I let the screen door close behind me, making a mental note to buy more mayonnaise.
• • •
My mom called to check in. Will called to check in. The timing of their outreach indicated that they had consulted one another first and taken it upon themselves to give me pep talks.
“Good things come to those who wait” was my mom’s theme. If I didn’t get the job, we would have the “Things happen for a reason” conversation; if I did, we would go in the direction of “Hard work and persistence are always rewarded.”

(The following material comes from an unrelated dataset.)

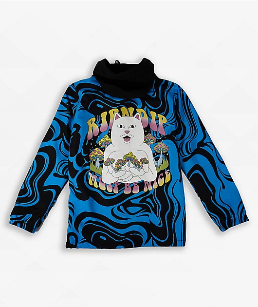 In a black and blue colorway comes the Tasty Treat snowboard jacket from RIPNDIP, featuring a sublimated swirl pattern throughout as well as a graphic of Lord Nermal on the back with a handful of magic mushrooms. Text above and below reads, “RIPNDIP/must be nice” in multicolored text that completes the look. This winter coat features a full zip closure along with a button closure to help keep out any unwanted snow or rain, and comes complete with a warm polyester lined interior and a soft shell hoodie with an adjustable drawstring.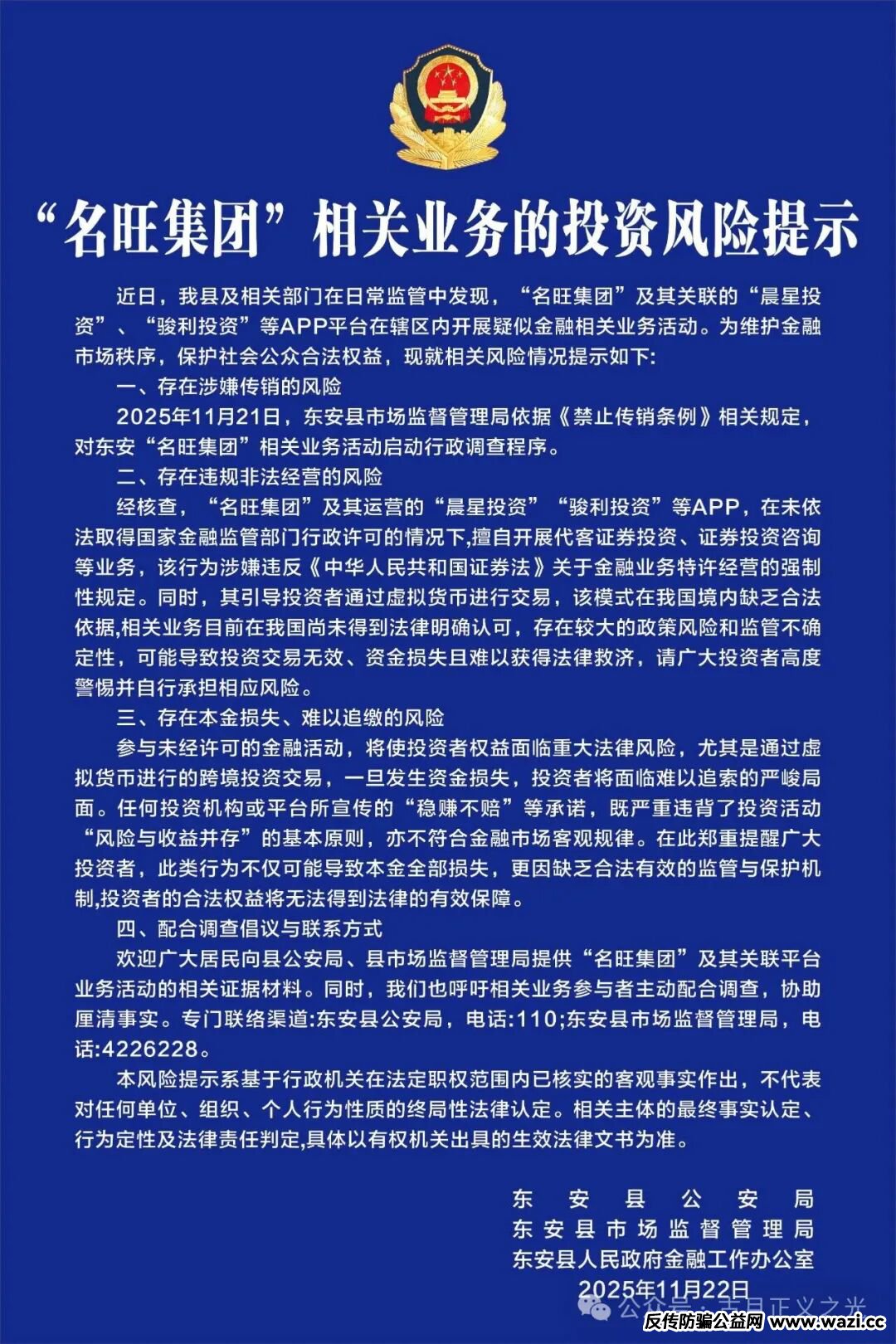 对于此骗局东安县公安局也发布了关于此盘的相关业务的投资风险提示如下,文中明确指出经核查,“名旺集团”及其运营的“晨星投资”“骏利投资”等APP,在未依法取得国家金融监管部门行政许可的情况下,擅自开展代客证券投资、证券投资咨询等业务,该行为涉嫌违反《中华人民共和国证券法》关于金融业务特许经营的强制性规定。

My mom is a docent at the Thomas Edison Museum in West Orange. Two days a week, she leads tours of schoolchildren and senior citizens through Edison’s newly refurbished lab, where they can see the little cot he slept on so he wouldn’t have to go home and be bothered by his eight kids; the wax-faced dolls Edison wired to sing “Mary Had a Little Lamb”; and the hulking tarpaper Black Maria movie studio where Edison screened early silent films like
The Great Train Robbery
.
Will and I grew up steeped in Edisonia. In fact, above the crucifix
in my still-intact childhood bedroom is a quote from the great inventor, cross-stitched by one of my aunts: “Our greatest weakness lies in giving up.” Open the closet and you’ll also find a picture of River Phoenix, long ago clipped from
Tiger Beat
and still clinging to the door with yellowed tape twenty years after its subject’s death.
My brother’s call was more transactional: “Look, Alice, if you get this job, great; if not, you can continue to help women achieve their lifelong goal of having flat abs.”
Will always had a snide attitude toward my job at
You,
possibly because his wife, Mary, is blessed with a perfect physique and doesn’t have time for the frippery of disposable reading. Her subscriptions are to journals, publications with indices instead of perfume strips. Mary is an ophthalmologist; Will owns Jersey Boy Portage, a kayak school on Bailey Island, in Maine, where they live with my two sweet nephews, who write music and show no signs of their father’s brutish behavior from childhood.
Even though my wrists were always red from Will’s Indian burns and he’d ruined my favorite doll with a Mets “tattoo” in permanent ink, the two of us had been close as kids. Now we’re respectful of each other. Sometimes I wonder what happened to the guy who bought rounds of tequila shots for everyone at Dive Bar on Broadway on my twenty-second birthday. His solemn outdoorsman replacement is so earnest, I feel like I have to watch my language when we’re together.
“Gee, Will, thanks for the vote of confidence.”
“So what does your bookstore friend think of Scroll? A little healthy competition?”